June 6th, 2022: David Killian's paper, "3D Plotting of Calcium Phosphate Cement and Melt Electrowriting of Polycaprolactone Microfibers in One Scaffold" has been published in Journal of Functional Biomaterials. Congrats David! (Led by Prof Michael Gelinsky, TUD, Germany)
April 27th, 2022: Ryan McKinnon joins us for his PhD on "Engineering vascular conduits in grafts to control mass transport for tissue regeneration" in collaboration with the Princess Alexandra Hospital. Ryan joins us after working as a molecular biologist at BD Biosciences and research assistant at Griffith University. Welcome Ryan!
April 22nd, 2022: Sabrina has passed her mid-term PhD candidature review! Congrats Sabrina!
- Cody in When biofabrication meets bioreactors: implementing construct maturation and functional tissue culture
- Sabrina in Biomechanics of 3D (Bio)printed Materials
- Mark in Frontiers of Bioprocessing and Automation in Tissue Engineering & Regenerative Medicine (keynote) and Advanced Spatiotemporal Imaging for Regenerative Medicine (chair)
October 26th, 2021: Mark delivered a pre-recorded talk at the Effective Altruism UQ event Alternative Meats at 6pm.
October 22nd, 2021: Mark delivered an invited talk at the Queensland Cardiovascular Research Network (QCVRN) at 4:15pm.
September 29th, 2021: Mark's paper 'A spatiotemporal microenvironment model to improve design of a three-dimensional bioreactor for red cell production' has been published in Tissue Engineering Part A (led by Prof Sakis Mantalaris, Georgia Tech).
September 28th, 2021: Sabrina and Trent presented their PhD projects at the International Society of Biofabrication Conference! Sabrina presented 'Numerical and Experimental Platform for the Characterisation of Patient Specific Small-Diameter Vascular Graft Anastomoses for Translation to Tissue Engineering' and Trent presented 'Towards Patient-Specific Vascular Stents: Additive Manufacturing of Poly(ɛ-Caprolactone) Mechanically Enhanced with Graphene Oxide'.

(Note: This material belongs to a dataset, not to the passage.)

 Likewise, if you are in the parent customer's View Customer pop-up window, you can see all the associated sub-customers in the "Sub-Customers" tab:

September 24th, 2021: Matt's paper developing 'A quantitative analysis of cell bridging kinetics on a scaffold using computer vision algorithms' has been published in Acta Biomaterialia (led by Prof Mia Woodruff, QUT).
September 5th, 2021: Habib's paper reviewing 'The effects of COVID-19 on the placenta during pregnancy' has been published in Frontiers in Immunology (led by Dr Arutha Kulasinghe, UQ).

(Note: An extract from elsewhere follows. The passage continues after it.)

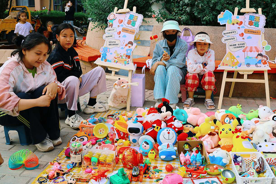 在跳蚤市场区域,小摊主们在家长的陪伴下,早早赶赴社区邻居节集市布置摊位。孩子们拿出“心爱之物”参加义卖——可爱的装饰物、漂亮的绘画作品、养护的绿植……各类特色宣传海报、卖力的吆喝声以及琳琅满目的货品吸引了众多居民驻足,而有趣的故事从这里开始,爱也从这里延续。

August 18th, 2021: Mark was awarded a DECRA entitled 'Engineering tissue organisation using intelligent additive biomanufacturing' which will run from March 2022 through 2025.
August 5th, 2021: Mark welcomed his first child into the world, Giulia Letizia Allenby! Bring on the sleepless nights!

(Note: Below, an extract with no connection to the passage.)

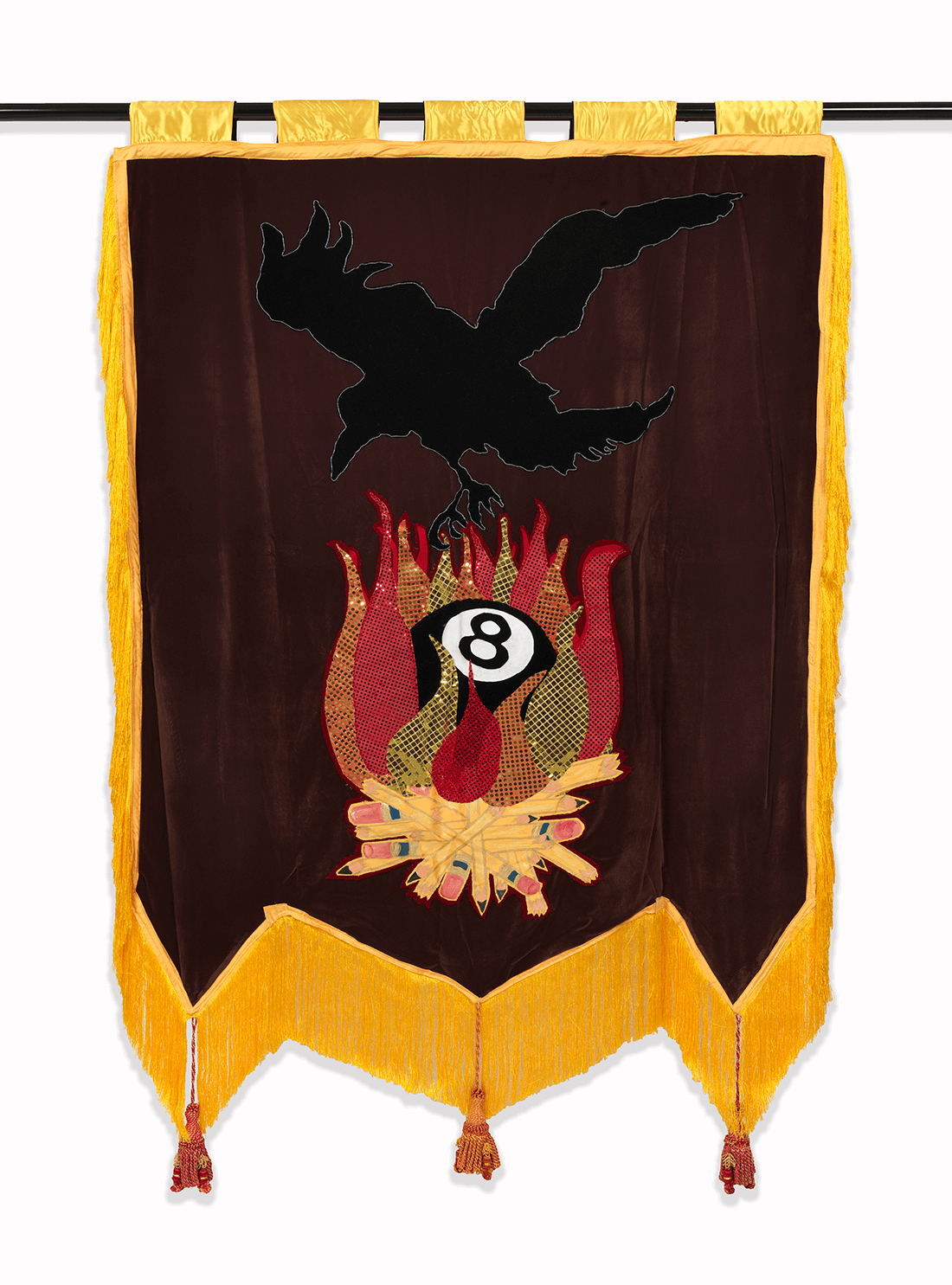 - © Cauleen Smith, Leave Me For the Crows, 2017. Satin, poly-satin, silk-rayon velvet, indigo-dyed silk-rayon velvet, indigo-dyed silk satin, acrylic fabric paint, poly-silk tassel, sequins, and metal rod. 78 x 51 ½ inches. Courtesy of the artist and Morán Morán.

August 3rd, 2021: Alex's paper on 'Model-based data analysis of tissue growth in thin 3D printed scaffolds' has been published in the Journal of Theoretical Biology (led by Prof Matthew Simpson, QUT).
July 20th, 2021: Maureen's paper using 'Using melt-electrowritten microfibres for tailoring scaffold mechanics of 3D bioprinted chondrocyte-laden constructs' has been published in Bioprinting (led by Prof Mia Woodruff, QUT)
July 10th, 2021: Jared's paper on 'A deep learning method for automatic segmentation of the bony orbit in MRI and CT images' has been published in Scientific Reports (led by Dr. David Alonso-Caneiro, QUT)
July 5th, 2021: The BMSE Lab started at UQ!